Aaron Strife said:
I like to think Nintendo is cutting their first party release schedule back as a way of saying, we want third parties to make games and we want people to buy them.
frankly this is not a coherent position.
nothing in this industry is done in a vacuum. nintendo knows when games will release for their systems long before we do. they know when a lotcheck request comes in. they know when titles "go gold" and print orders are requested. and they know months and months before that process starts.
third parties, on the other hand, do not know when nintendo products are coming out substantially before we do. there is not a single person at EA that can confidently tell you nintendo's 2010 release calendar.
so given that third parties are substantially less able to plan around nintendo than nintendo is around third parties, why would the directionality of this be "nintendo leaves slots open -> third parties plan to put their games there"?
even wii games take at least a year to make. capcom is slating stuff for the end of CY 2010 internally. capcom does not know if nintendo is slating stuff for the end of CY 2010 internally. how on earth is capcom expected to capitalize on lulls in nintendo's schedule?

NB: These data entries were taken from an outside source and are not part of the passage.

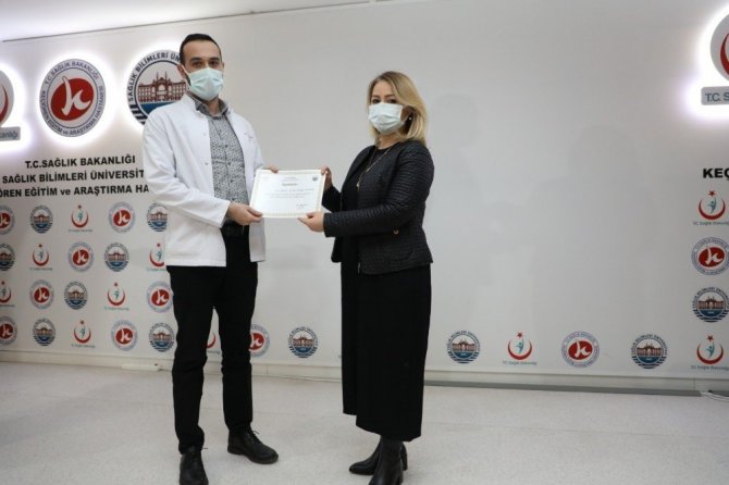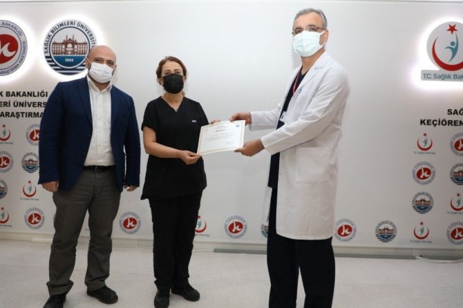 Keçiören Eğitim ve Araştırma Hastanesi'nde korona virüsle mücadelede gösterilen emek ve özveriden dolayı birim ve kliniklere teşekkür belgesi takdim edildi.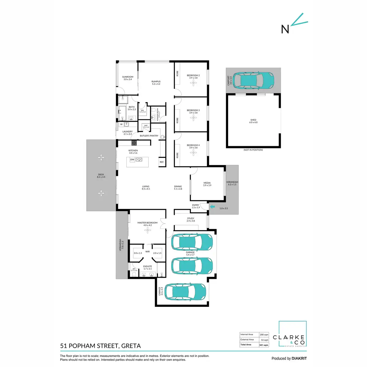 - Attached triple car garage with internal access, plus a 6x6m shed in the yard with a carport, LED lighting and power access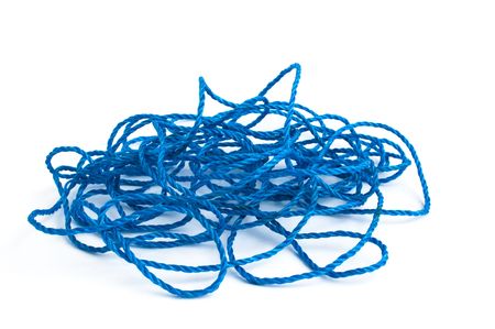 Rolls of rope scattered on the floor, concrete floor background, problems and teamwork concept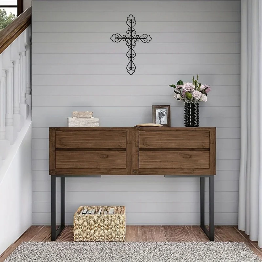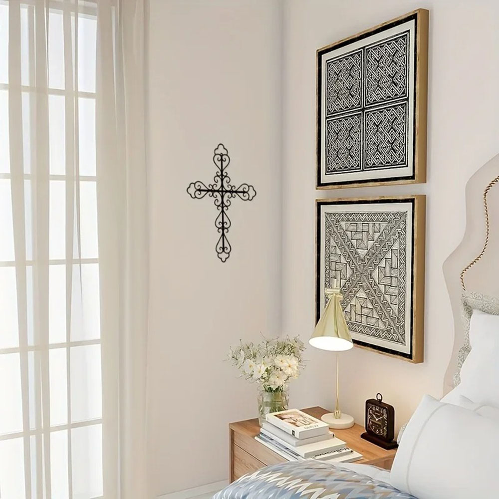 1pc Metal Retro Cross Wall Art Decoration, Metal Artwork, Scene Decoration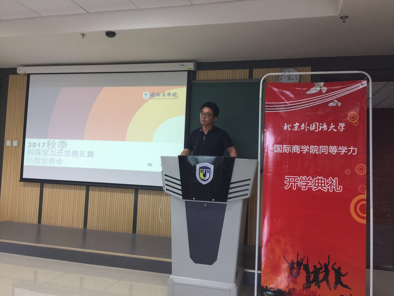 9月10日,北京外国语大学国际商学院2017级同等学力秋季班在北外西校区综合楼309举办开学典礼暨小型说明会。国际商学院副院长孙文莉、EDP中心主任于兹志、项目主管段东明、段海波、以及来自全国各地的在职研究生参加了本次活动。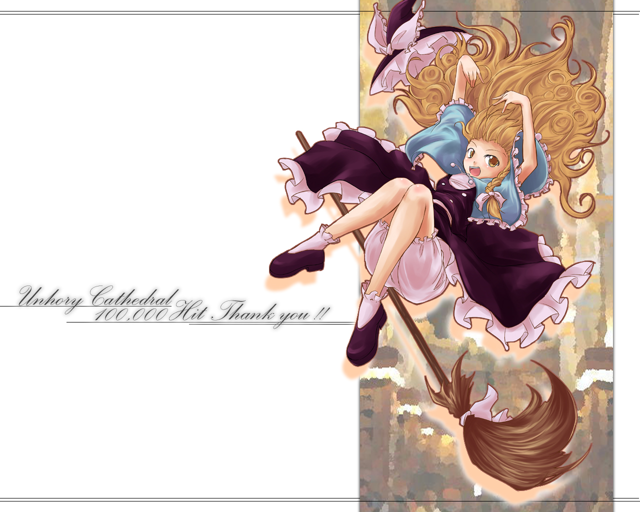 1girlblonde hairbloomersbraidbroomdressfemale focushatmilestone celebrationsolounderwearwitchwitch hatyellow eyes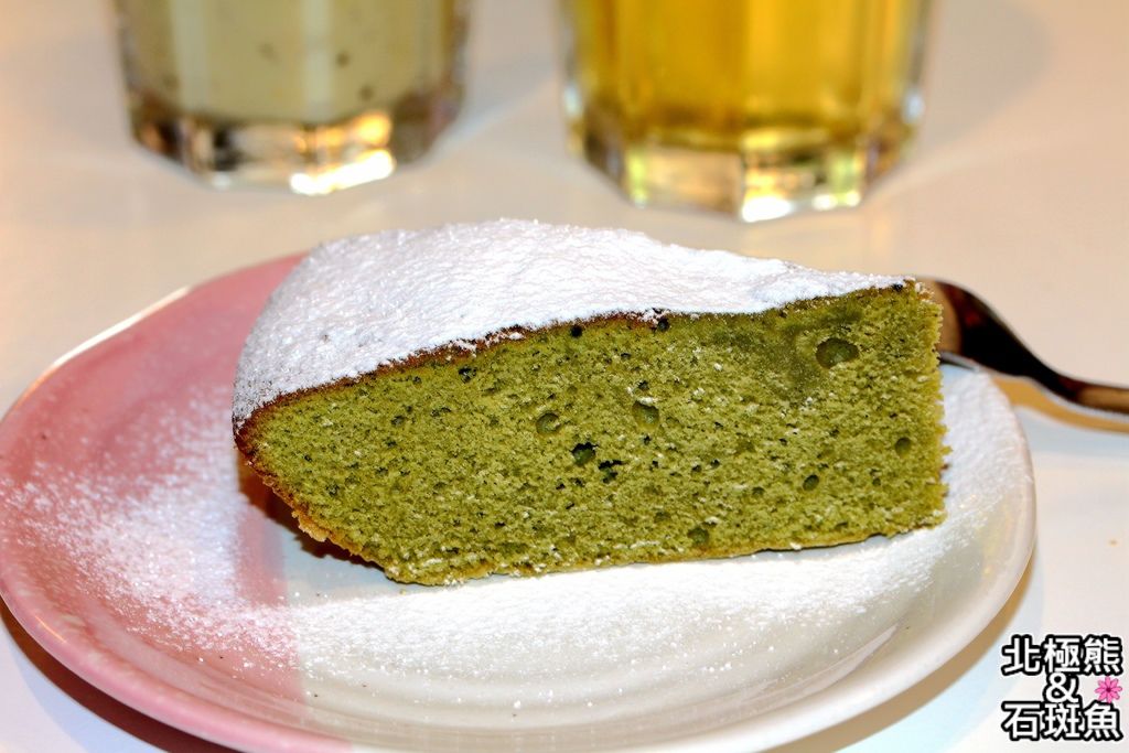 最後壓軸的甜點是那瑪夏金萱蛋糕,看似抹茶,但不是抹茶

finally and most importantly, to what end would nintendo sacrifice or defer (IE sacrifice, given that there is a time-value of money at play here) revenue in order to placate a third party? even assuming this scheme works, why would they do it? to make partners take developing on their systems more seriously? to eventually make even more profit by recouping lost revenue through platform fees?
that's ridiculous.
some strategies that nintendo could try rather than hoping that third parties predict that they'll have a weak season: suspending or lowering platform fees, suspending, lowering, or altering print run info, allowing for lot check resubmissions at a discount or free, suspending or altering lot check requirements, copublishing, funding advertising campaigns, extra deployment of nintendo tech support, highlighting third party titles beyond the token highlights reel, letting third parties have sdks before the day before the public sees in the impact, releasing internal tech to third parties, consulting with third parties before releasing left-field hardware, letting third parties know when new hardware is about to negatively impact their selling plans, allow digital distribution publishers to set their own prices and change them at will, better patching mechanisms for both handheld and console... i mean, seriously, there is not a single third party in the world that would benefit more from nintendo delaying titles than it would from nintendo having a more generous and open platform policy broadly.
alternatively, if this
is nintendo's strategy, then fall 2008 should demonstrate that it doesn't work and they should change that strategy.
gerg said:
Can't you buy other games? Can't you simply *shock! horror!* not play games for a month or two? At the end of the day, you'll survive without. You did so last year, didn't you?
presumably he just happily played games on other platforms like the rest of us did, which i think is the essence of the complaint that most of us make about nintendo's conservative localization / release strategies as of late. i've got 7 platforms of which nintendo makes 2. if they drop the ball or don't pander to me, there are 5 other platforms that will, i guarantee you, whether it's fiscally responsible or not.